FINRA fines Cantor Fitzgerald for locking or crossing quotations

Cantor Fitzgerald & Co has agreed to pay a fine as a part of a settlement with the United States Financial Industry Regulatory Authority (FINRA).

From April 1, 2016 through December 31, 2018 (the Review Period), the firm failed to implement policies and procedures that reasonably avoid displaying, or engaging in a pattern or practice of displaying, locking or crossing quotations in over-the-counter (OTC) Equity Securities, in violation of FINRA Rules 6437 and 2010.

Let’s note that FINRA Rule 6437 (the Locked/Crossed Rule) requires FINRA members to implement policies and procedures that reasonably avoid displaying, or engaging in a pattern or practice of displaying, locking or crossing quotations in any OTC Equity Security.

During the Review Period, Cantor Fitzgerald entered quotations that locked or crossed the market in OTC Equity Securities. In certain situations, the firm locked or crossed quotations in OTC Equity Securities, and either did not contact other market participants prior to locking or crossing the market, or otherwise failed to take reasonable steps to unlock or uncross the market after it displayed a quotation that locked or crossed the market.

Although the firm had in place certain policies and procedures designed to avoid locking and crossing quotations in OTC Equity Securities, those policies and procedures did not provide the firm’’s traders with reasonable guidance for how to avoid or resolve a locked or crossed market. For example, the firm employed a system-generated warning that appeared if a quotation entered by a firm trader would lock or cross the market.

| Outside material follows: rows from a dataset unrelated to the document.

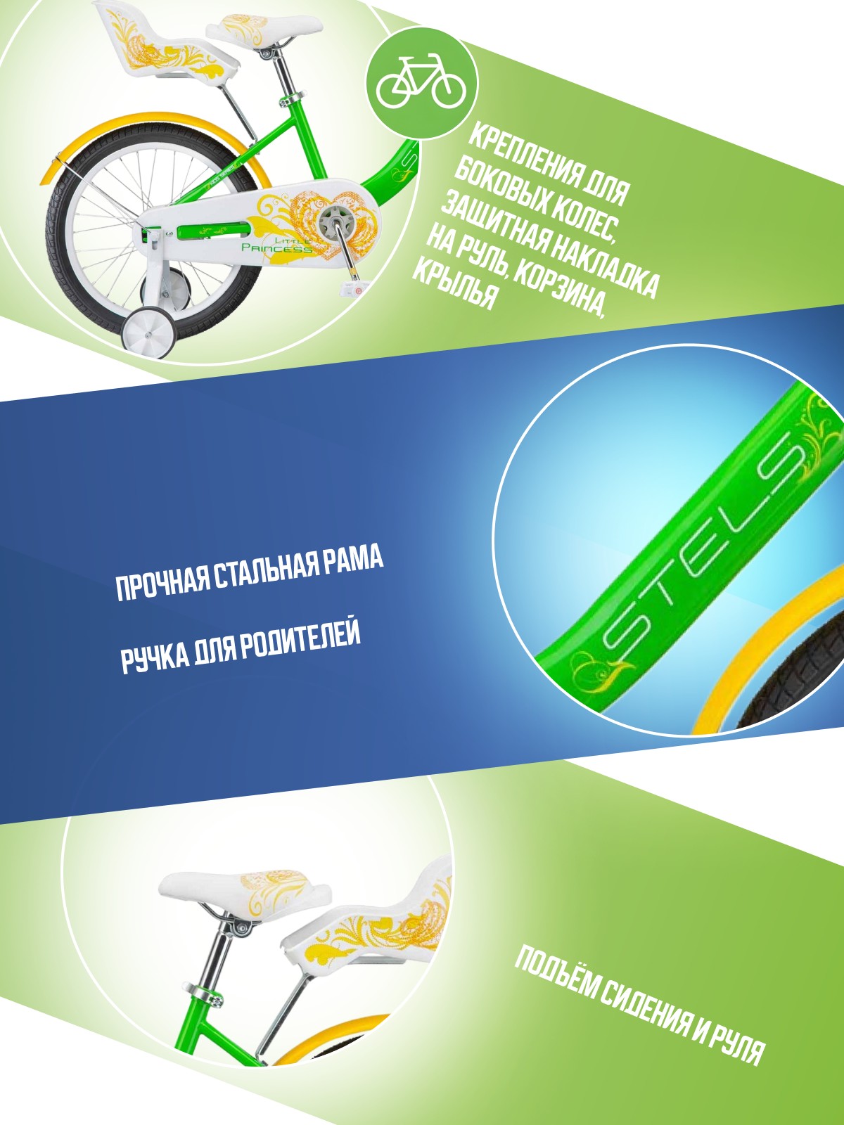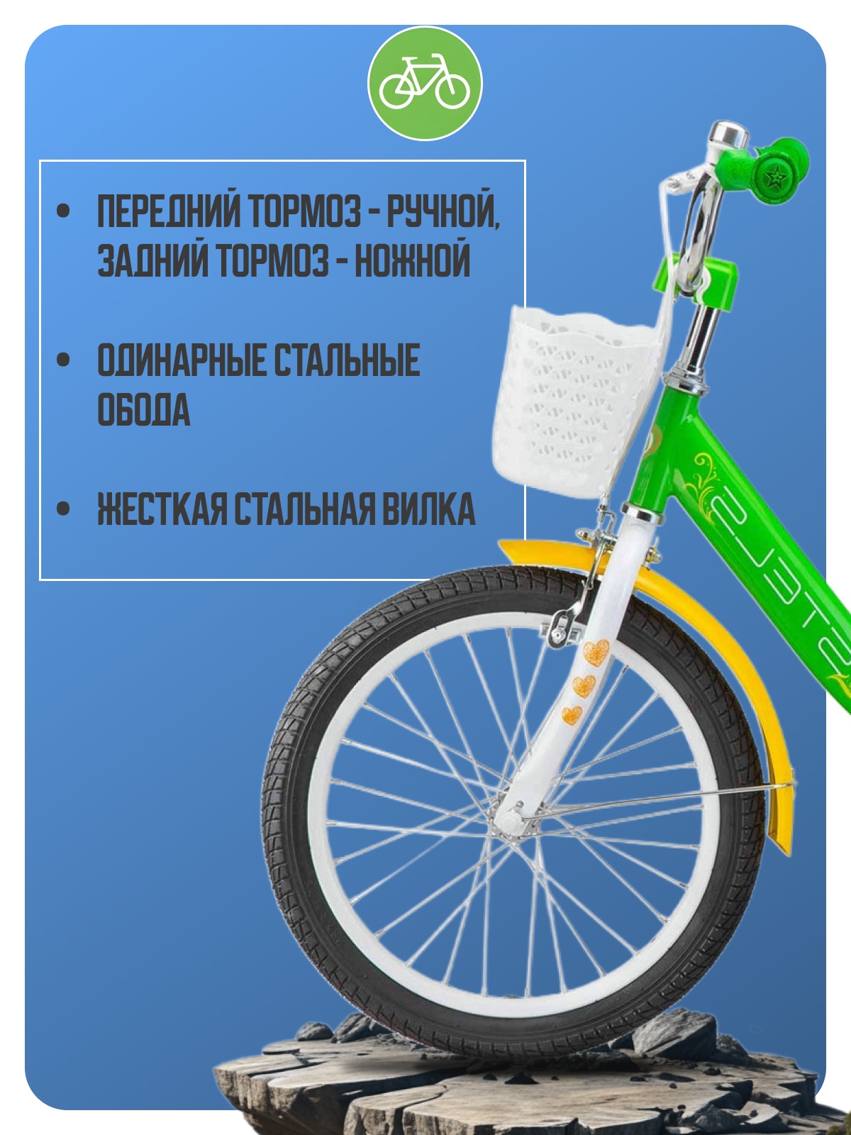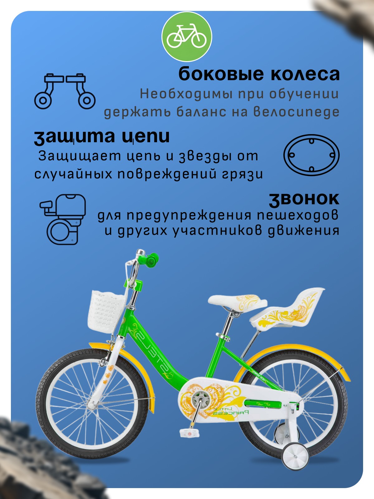 Особенности велосипеда: Боковые колеса, Защита цепи, Защитная накладка на руль, Звонок, Корзина, Крепления для боковых колес, Крылья, Ножной тормоз, Ручка для родителей.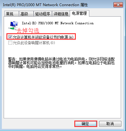 4、在新窗口中點(diǎn)擊“電源管理”,在下方將“允許計(jì)算機(jī)關(guān)閉此設(shè)備以節(jié)約電源”前面的勾去掉,然后點(diǎn)擊確定即可,如圖所示: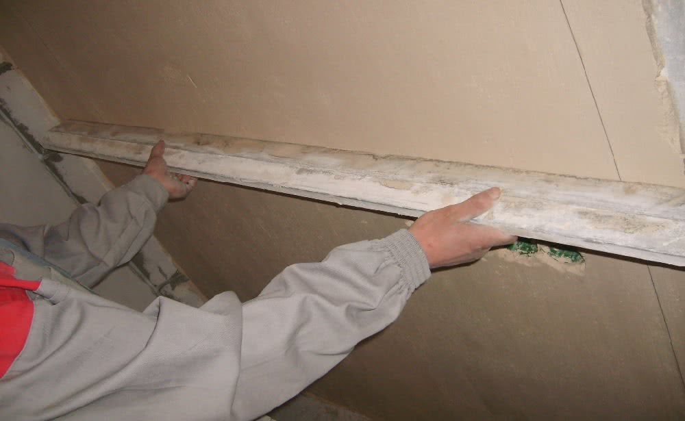Аналогично нужно сделать по всей плоскости потолка, затем дать маякам высохнуть не менее 6 часов в случае с теплоном. Работать с гипсом и алибастром сложнее, поскольку они засыхают в течение минуты. Для них нужна особая сноровка и большой опыт.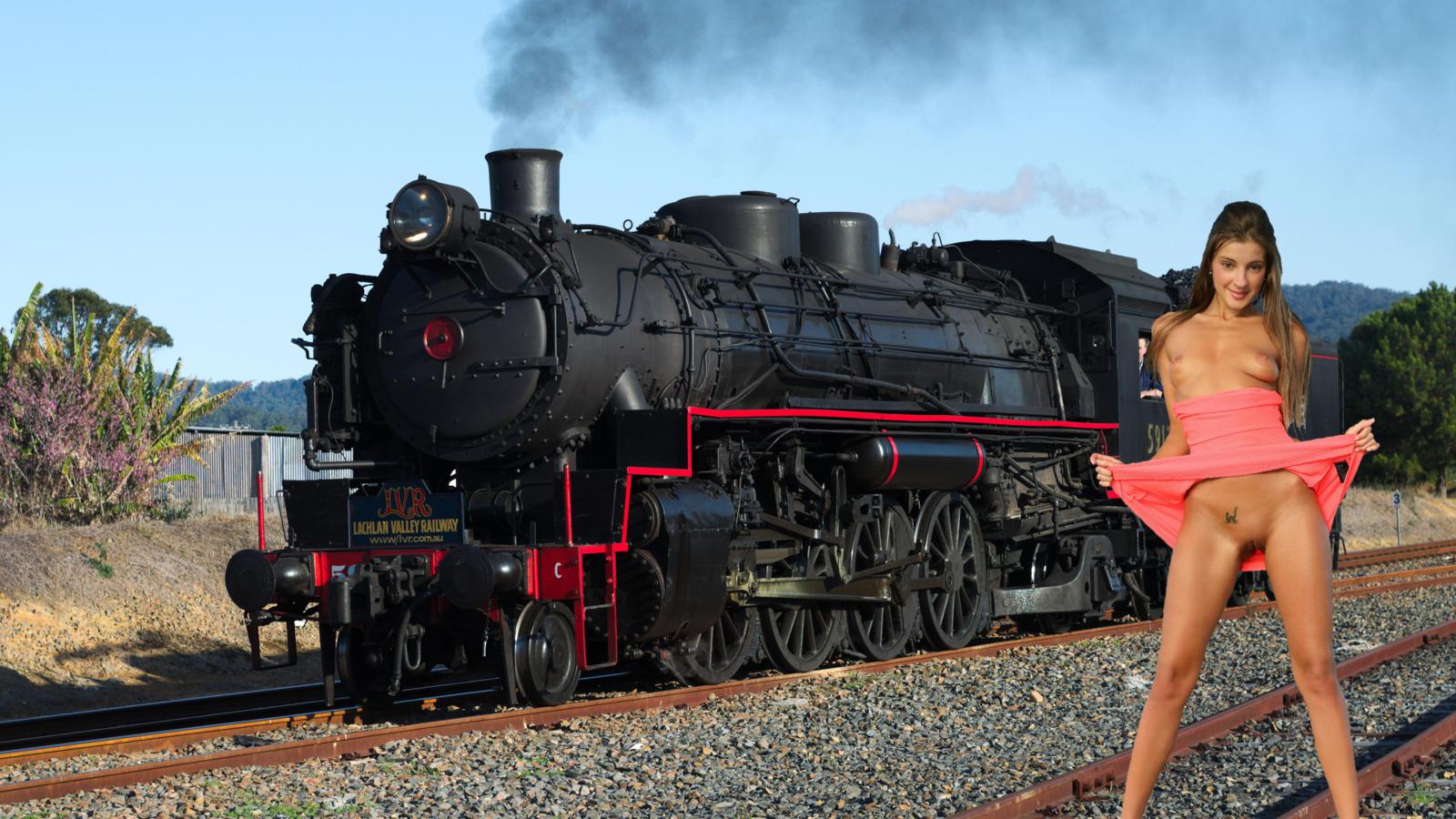 maria ryabushkina, maria, tara, melena, maria rya, brunette, dress, train, naked, tanned, boobs, tits, nipples, shaved pussy, labia, spread legs, flashing, tattoo, smile, hi-q
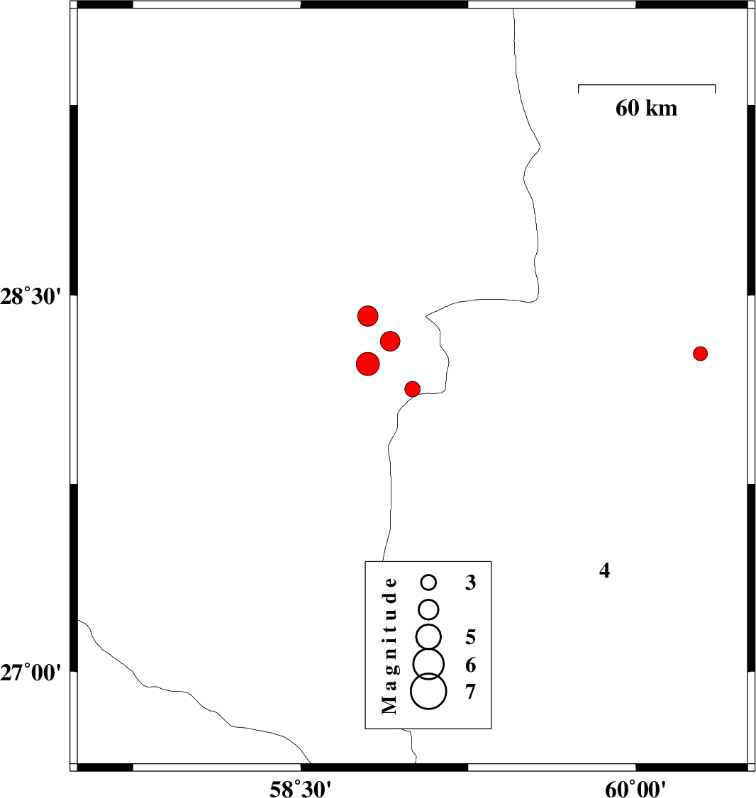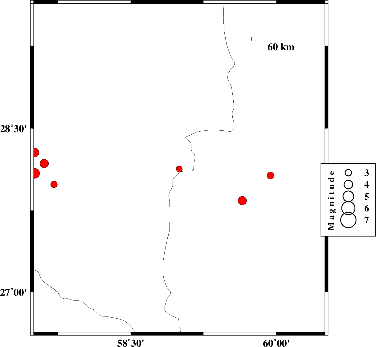 | 2011/07/10 | 19:04:47.5 | 23:34:47.5 | 27.84 | 59.65 | 16 | ML4 | Sistan va Baloochestan Province, 125 km North-West of Iranshahr |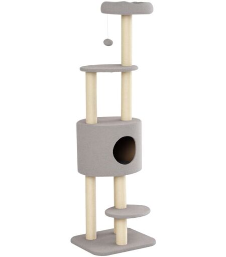 Pawhut - Arbre à Chats avec Griffoir Niche Poteaux Peluche Haute Densité 45L x 40L x 148H cm Gris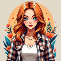 The image is an illustration of a red-haired girl. She has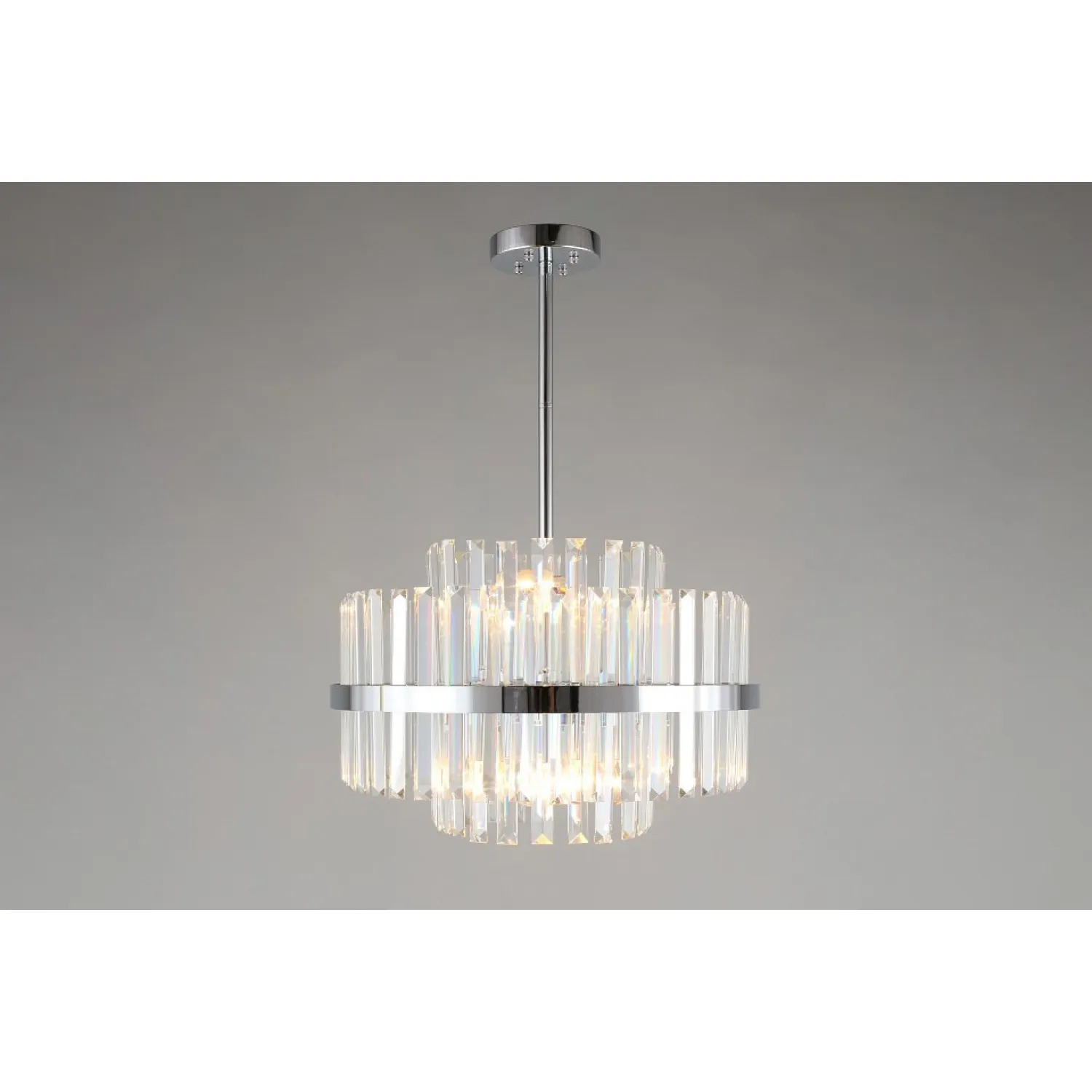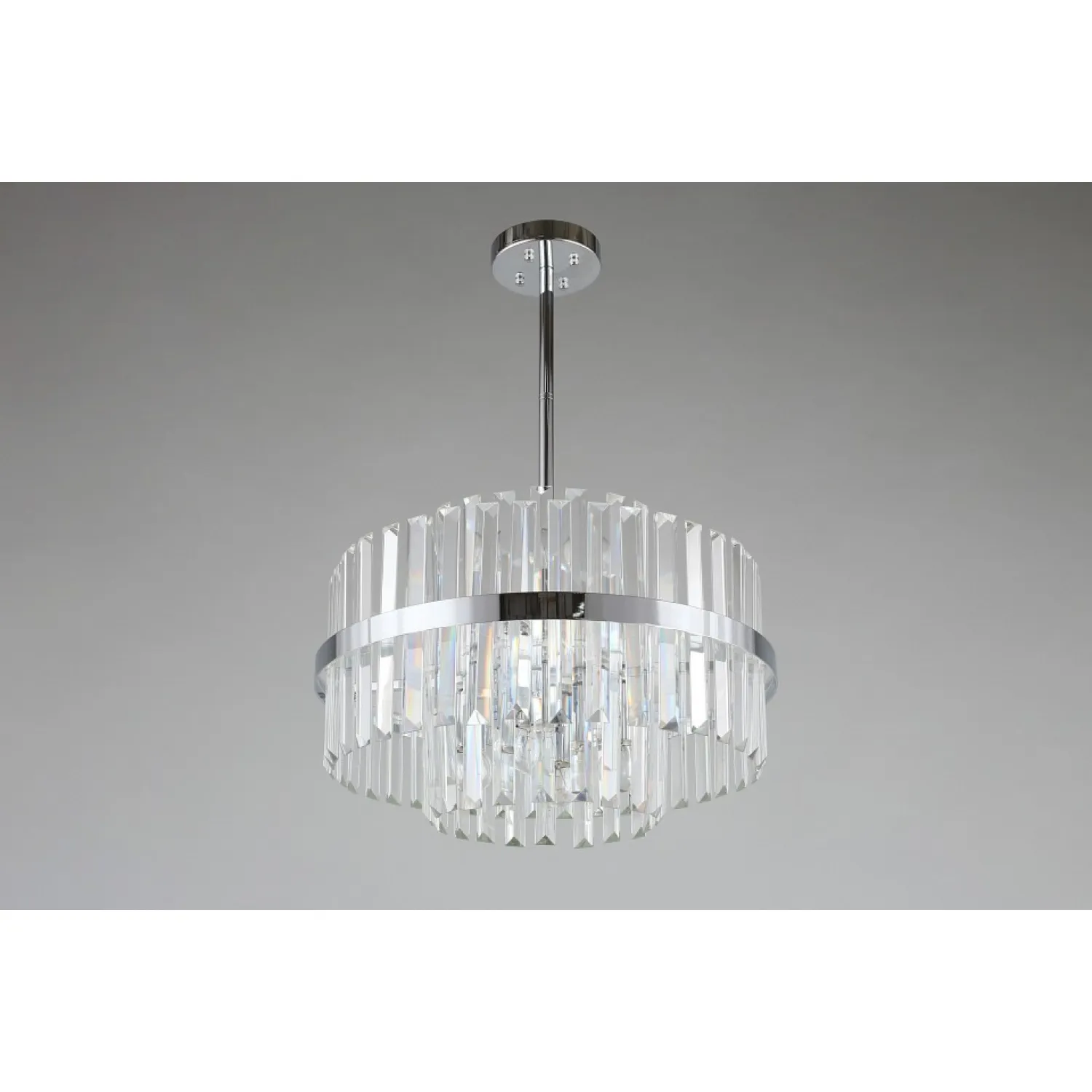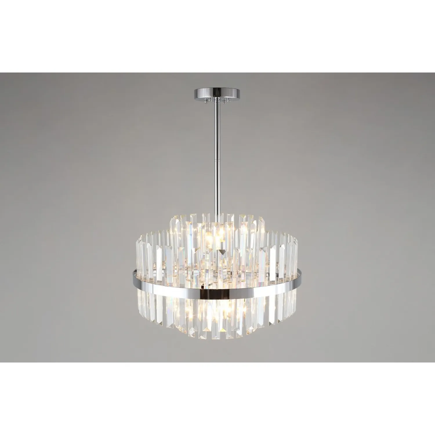 Основание изготовлено из высококачественного металла, что обеспечивает прочность и долговечность конструкции. Штанга позволяет регулировать высоту люстры, что делает ее идеальным выбором для помещений с разными высотами потолка.

Although its traders had the ability to manually override this warning system, the firm did not provide reasonable guidance to its traders regarding their obligations in entering quotations that may lock or cross markets, or what actions to take after entering quotations that locked or crossed the market.

Thus, during the Review Period, the firm failed to implement policies and procedures that were reasonably designed to avoid displaying, or engaging in a pattern or practice of displaying, locking or crossing quotations in OTC Equity Securities. Therefore, Respondent violated FINRA Rules 6437 and 2010.

Moreover, from April 1, 2016 through May 15, 2019, the firm also failed to establish, maintain, and enforce WSPs that were reasonably designed achieve compliance with FINRA Rule 6437.

Specifically, although the firm had issued a supervisory manual that required a supervisor to review a report that identified each instance of locked or crossed markets in OTC Equity Securities, it did not specify the process by which the supervisor was required to review the instances that were identified by the firm’s supervisory system.

On May 15, 2019, the firm sold its wholesale OTC market making business, which was the business that implicated the requirements of FINRA Rule 6437. As of that date, the firm ceased conducting business that would require compliance with FINRA Rule 6437.

As a result, the firm failed to establish, maintain, and enforce WSPs reasonably designed to achieve compliance with the firm’s obligations to avoid displaying, or engaging in a pattern or practice of displaying, locking or crossing quotations in OTC Equity Securities.

As a part of the settlement, the firm agrees to a censure and a fine of $50,000.